*YOUR TASK*
In this exercise, return the whole listing exactly, excluding any images.

*GIVEN RECORDS*
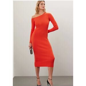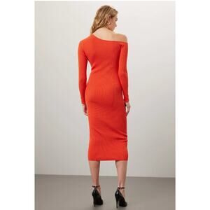 Sally LaPointe Dress Womens Large Red One Shoulder Midi Ribbed Knit
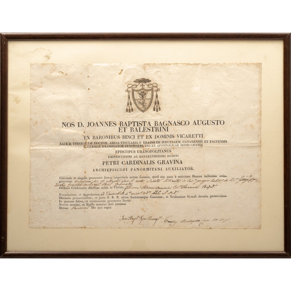 DECRETO datato 26 Marzo 1830 a firma di Giovanni Battista Bagnasco (Palermo 1791 – Monreale 1837), nominato il 23 Giugno 1828, da Papa Leone XII, Vescovo di Verinopoli ( detta anche Uranopoli) e ausiliario del Cardinale di Palermo Pietro Gravina. Il documento, di cm 29,5 x 41,5, è una promozione alla celebrazione del Rito Sacro Canonico e Tridentino concessa a Don Pietro Dominici di Termini Imerese. In testa al documento incisione calcografica dello stemma del Vescovo anche riportato in basso a sx a secco. Firma autografa. Raro. Il decreto è incorniciato con cornice in legno novecentesca.
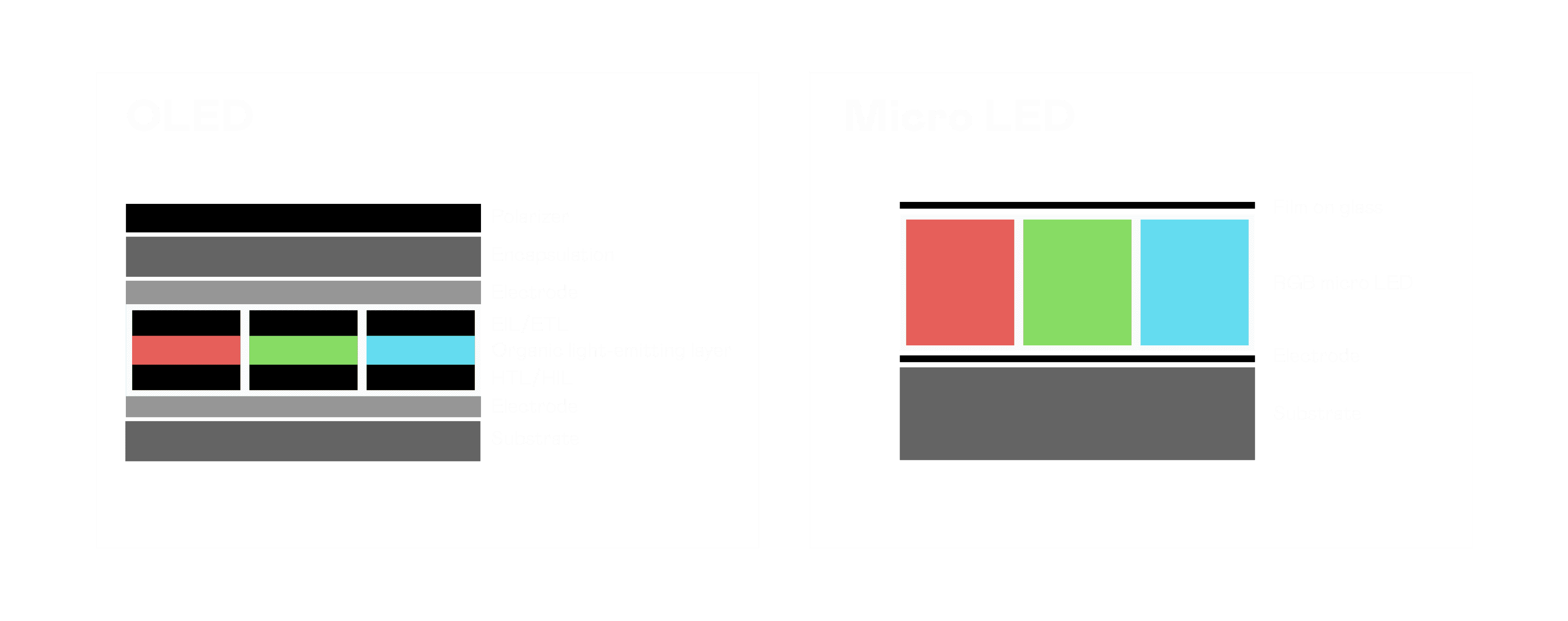 以 LED 做为显示画素,,,可让 LED 的发光效率发挥到极致,,从而让显示器具备优异的亮度表现,,,不论是在户外或室内,,均具备出众的显示效果。。。。同时,,与使用有机材料的 OLED 相比,,LED 具备更稳定、、寿命更长的特性,,,,不仅不会有画面烙印问题,,,,而且更不容易出现故障、、、坏点。。。。
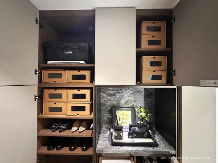 ,设置大量挂衣区与双面柜体,实现空间翻倍;主卫镜柜分层设计搭配分隔盒收纳护肤品,地柜采用抽屉式设计并内置防水收纳盒,分类存放清洁用品,细节满满。
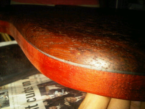 November 23, 2010November 23, 2010 Recovery!!! Despite a noticible glue line, the gash completely healed!!! Then I finished rounding the body, wet sanded with lemon oil and 600 grit sandpaper. Now onto Neck Pocket Routing…I hate this part… Share this: Click to email a link to a friend (Opens in new window) Email Click to print (Opens in new window) Print Click to share on Facebook (Opens in new window) Facebook Click to share on X (Opens in new window) X Like Loading... Related

*ANSWER BOX*
 Sally LaPointe Dress Womens Large Red One Shoulder Midi Ribbed Knit
 DECRETO datato 26 Marzo 1830 a firma di Giovanni Battista Bagnasco (Palermo 1791 – Monreale 1837), nominato il 23 Giugno 1828, da Papa Leone XII, Vescovo di Verinopoli ( detta anche Uranopoli) e ausiliario del Cardinale di Palermo Pietro Gravina. Il documento, di cm 29,5 x 41,5, è una promozione alla celebrazione del Rito Sacro Canonico e Tridentino concessa a Don Pietro Dominici di Termini Imerese. In testa al documento incisione calcografica dello stemma del Vescovo anche riportato in basso a sx a secco. Firma autografa. Raro. Il decreto è incorniciato con cornice in legno novecentesca.
 以 LED 做为显示画素,,,可让 LED 的发光效率发挥到极致,,从而让显示器具备优异的亮度表现,,,不论是在户外或室内,,均具备出众的显示效果。。。。同时,,与使用有机材料的 OLED 相比,,LED 具备更稳定、、寿命更长的特性,,,,不仅不会有画面烙印问题,,,,而且更不容易出现故障、、、坏点。。。。
 ,设置大量挂衣区与双面柜体,实现空间翻倍;主卫镜柜分层设计搭配分隔盒收纳护肤品,地柜采用抽屉式设计并内置防水收纳盒,分类存放清洁用品,细节满满。
 November 23, 2010November 23, 2010 Recovery!!! Despite a noticible glue line, the gash completely healed!!! Then I finished rounding the body, wet sanded with lemon oil and 600 grit sandpaper. Now onto Neck Pocket Routing…I hate this part… Share this: Click to email a link to a friend (Opens in new window) Email Click to print (Opens in new window) Print Click to share on Facebook (Opens in new window) Facebook Click to share on X (Opens in new window) X Like Loading... Related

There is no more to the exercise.